Task to carry out
With pictures removed, the data below should be returned exactly.

Data extract
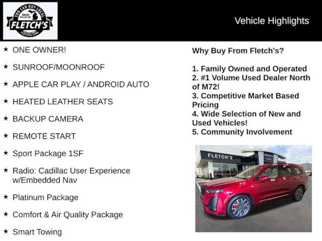 ONE OWNER!, SUNROOF/MOONROOF, APPLE CAR PLAY / ANDROID AUTO, HEATED LEATHER SEATS, BACKUP CAMERA, REMOTE START, XT6 Sport, 4D Sport Utility, 3.6L V6 DI VVT, 9-Speed Automatic, AWD, Infrared Tintcoat, Maple Sugar Leather, 8 Color Driver Information Center Display, Adaptive Cruise Control, Air Ionizer, Automatic Emergency Braking, Automatic Heated Steering Wheel, Automatic Parking Assist w/Braking, Automatic Seat Belt Tightening, Bose Performance Series Audio System, Bose Premium 8-Speaker Audio System, Comfort & Air Quality Package, Driver Assist Package, Dual Driver Information Center Display, Enhanced Automatic Emergency Braking, Front & Rear Park Assist, Front & Rear Premium Carpeted Floor Mats, HD Surround Vision, Head-Up Display, Heated Rear Outboard Seating Positions, Hitch Guidance, Hitch Guidance w/Hitch View, Inside Rear-View Auto-Dimming Mirror, Platinum Package, Radio: Cadillac User Experience w/Embedded Nav, Rear Camera Mirror, Rear Camera Mirror Washer, Rear Pedestrian Alert, Reverse Automatic Braking, Semi-Aniline Leather Seating Surfaces, Smart Towing, Sport Package 1SF, Surround Vision Recorder, Technology Package, Teen Driver, Ventilated Driver & Front Passenger Seats.
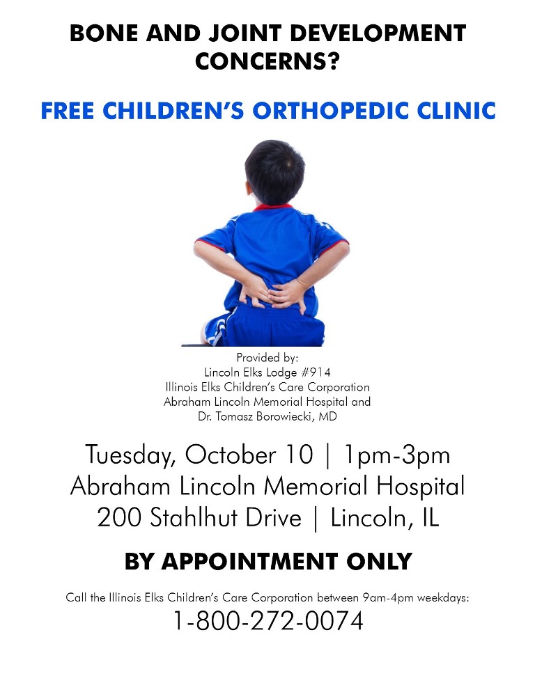 Lincoln, IL. To make an appointment for the clinic, call the Illinois Elks
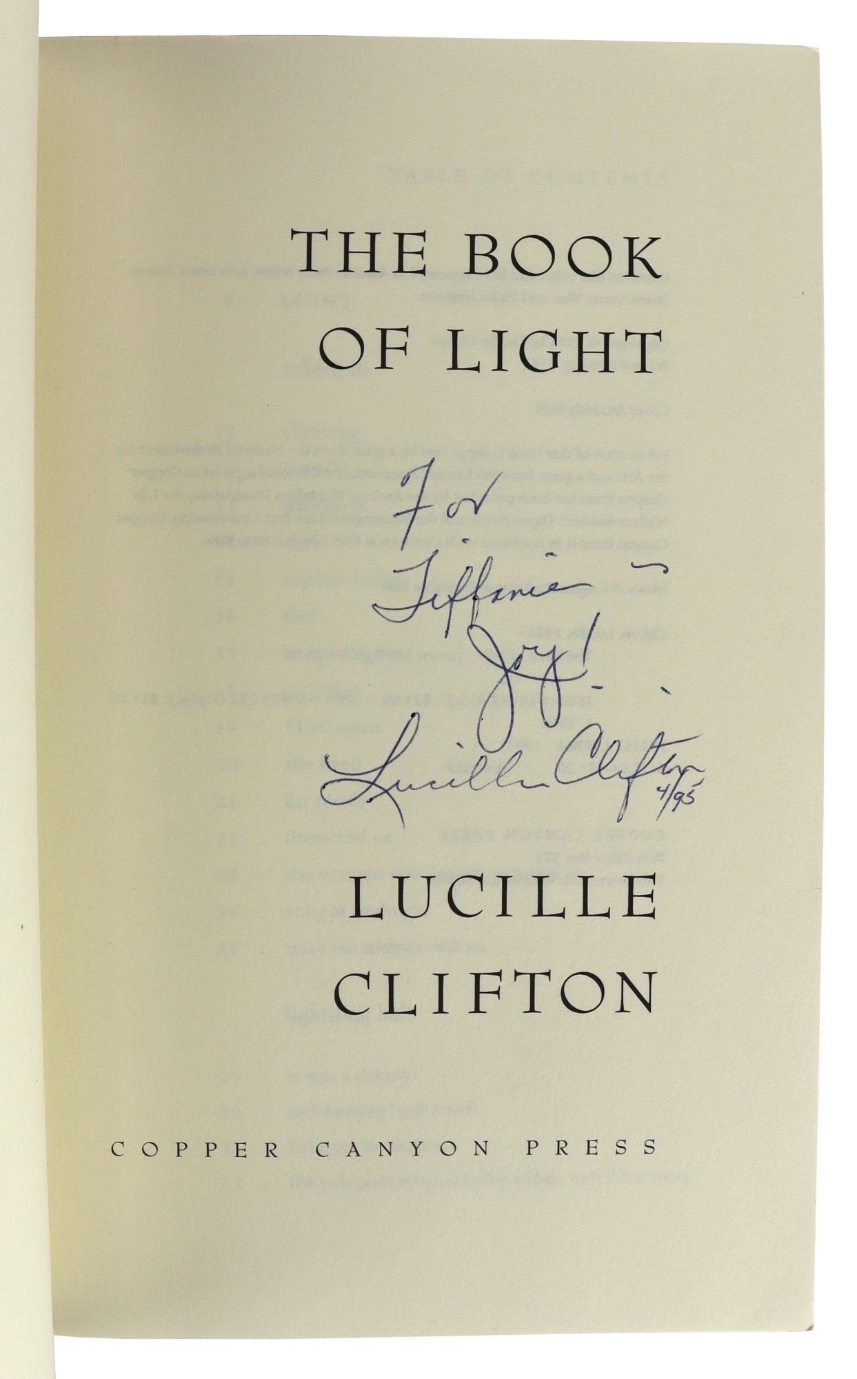 Port Townsend, WA: Copper Canyon Press, 1993. Very Good. [Port Townsend, WA]: Copper Canyon Press, [1993]. Second (1994) printing. Slim octavo (22.5cm); publisher's glossy pictorial card wrappers; 76pp. Wrappers a bit rubbed and dust-soiled at margins; Very Good overall. Inscribed and signed on title page, "For Tiffanie ~ Joy! Lucille Clifton / 4/95.
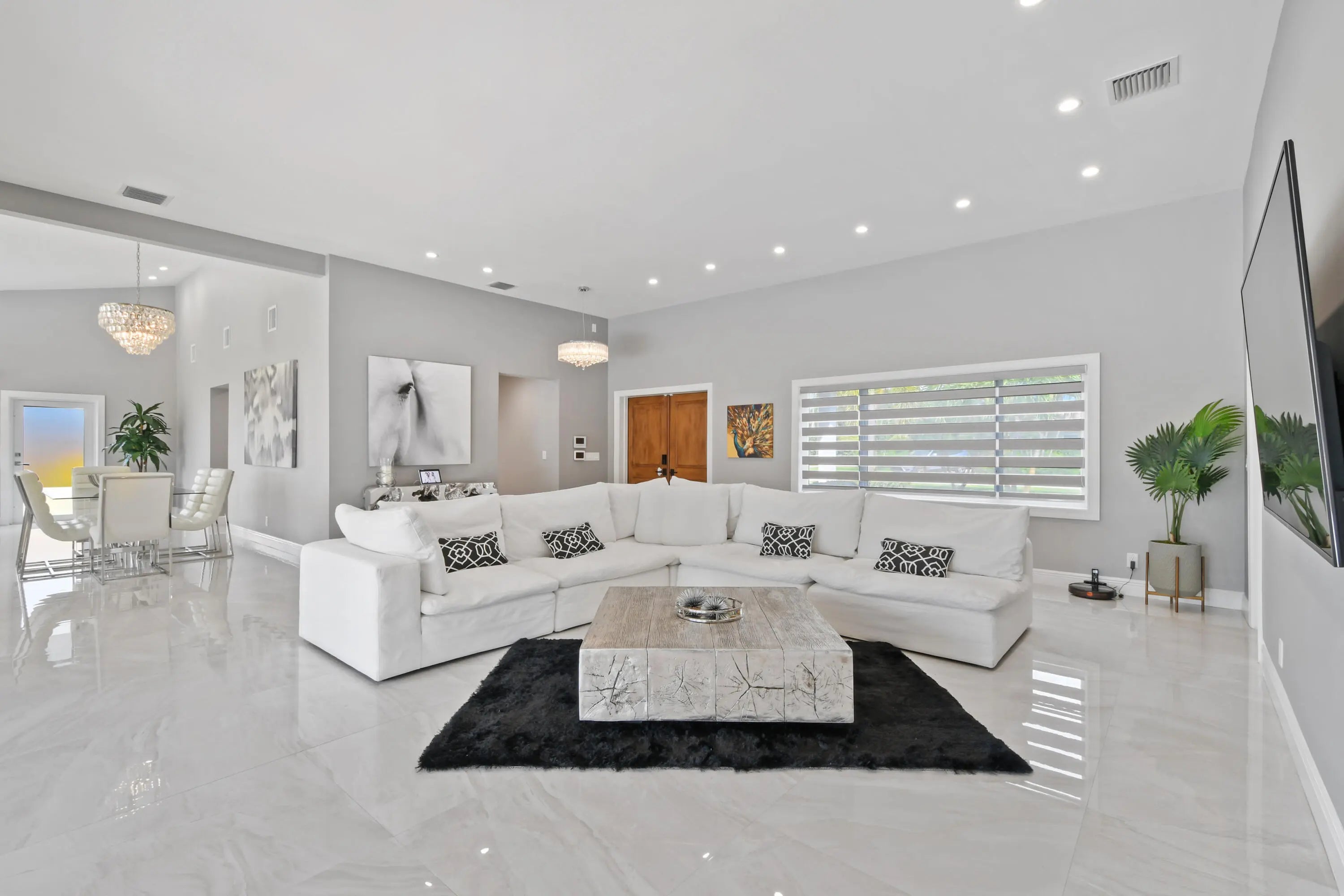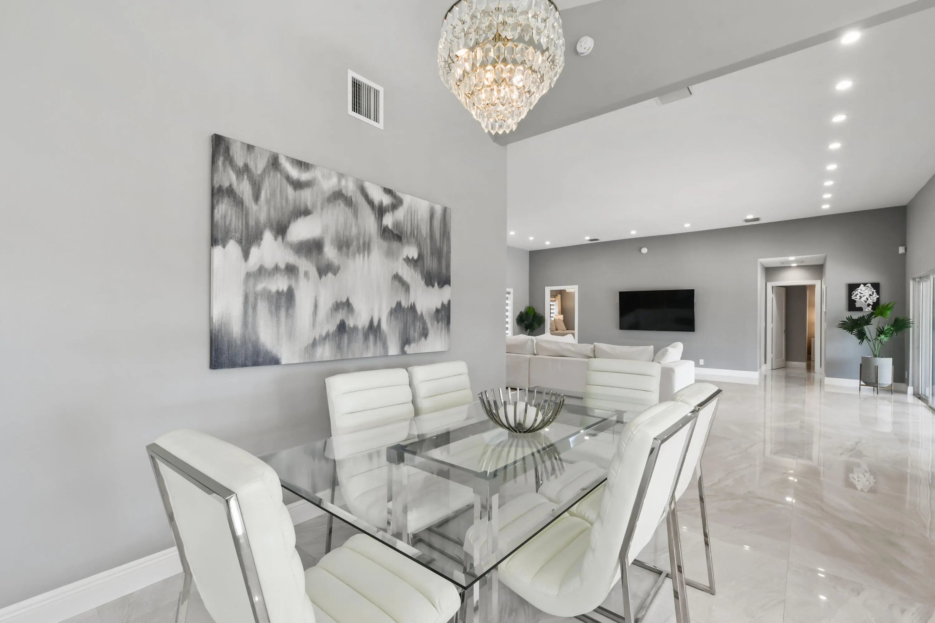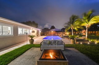 Step into elegance with this beautifully updated 4-bedroom, 3-bathroom rental, offering the perfect blend of luxury and functionality. From the moment you enter, you'll be welcomed by high ceilings and gorgeous tile flooring throughout, creating a bright and sophisticated atmosphere. The open-concept kitchen is ideal for everyday living and entertaining, featuring trendy white cabinets, Corian countertops, stainless steel appliances, and a spacious island with high-top seating. The primary suite is generously sized and includes a large walk-in closet and an ensuite bathroom with a walk-in shower, soaking tub, and double sinks for added comfort. Step outside to your spacious backyard! Enjoy year-round entertaining under the covered patio, relax in the sparkling pool and jacuzzi, rinse off in the convenient outdoor shower, and take advantage of the playground. This stunning rental offers style, space, and resort-style amenities in one exceptional home. Available for lease, schedule your private showing today.

Written solution
 ONE OWNER!, SUNROOF/MOONROOF, APPLE CAR PLAY / ANDROID AUTO, HEATED LEATHER SEATS, BACKUP CAMERA, REMOTE START, XT6 Sport, 4D Sport Utility, 3.6L V6 DI VVT, 9-Speed Automatic, AWD, Infrared Tintcoat, Maple Sugar Leather, 8 Color Driver Information Center Display, Adaptive Cruise Control, Air Ionizer, Automatic Emergency Braking, Automatic Heated Steering Wheel, Automatic Parking Assist w/Braking, Automatic Seat Belt Tightening, Bose Performance Series Audio System, Bose Premium 8-Speaker Audio System, Comfort & Air Quality Package, Driver Assist Package, Dual Driver Information Center Display, Enhanced Automatic Emergency Braking, Front & Rear Park Assist, Front & Rear Premium Carpeted Floor Mats, HD Surround Vision, Head-Up Display, Heated Rear Outboard Seating Positions, Hitch Guidance, Hitch Guidance w/Hitch View, Inside Rear-View Auto-Dimming Mirror, Platinum Package, Radio: Cadillac User Experience w/Embedded Nav, Rear Camera Mirror, Rear Camera Mirror Washer, Rear Pedestrian Alert, Reverse Automatic Braking, Semi-Aniline Leather Seating Surfaces, Smart Towing, Sport Package 1SF, Surround Vision Recorder, Technology Package, Teen Driver, Ventilated Driver & Front Passenger Seats.
 Lincoln, IL. To make an appointment for the clinic, call the Illinois Elks
 Port Townsend, WA: Copper Canyon Press, 1993. Very Good. [Port Townsend, WA]: Copper Canyon Press, [1993]. Second (1994) printing. Slim octavo (22.5cm); publisher's glossy pictorial card wrappers; 76pp. Wrappers a bit rubbed and dust-soiled at margins; Very Good overall. Inscribed and signed on title page, "For Tiffanie ~ Joy! Lucille Clifton / 4/95.
 Step into elegance with this beautifully updated 4-bedroom, 3-bathroom rental, offering the perfect blend of luxury and functionality. From the moment you enter, you'll be welcomed by high ceilings and gorgeous tile flooring throughout, creating a bright and sophisticated atmosphere. The open-concept kitchen is ideal for everyday living and entertaining, featuring trendy white cabinets, Corian countertops, stainless steel appliances, and a spacious island with high-top seating. The primary suite is generously sized and includes a large walk-in closet and an ensuite bathroom with a walk-in shower, soaking tub, and double sinks for added comfort. Step outside to your spacious backyard! Enjoy year-round entertaining under the covered patio, relax in the sparkling pool and jacuzzi, rinse off in the convenient outdoor shower, and take advantage of the playground. This stunning rental offers style, space, and resort-style amenities in one exceptional home. Available for lease, schedule your private showing today.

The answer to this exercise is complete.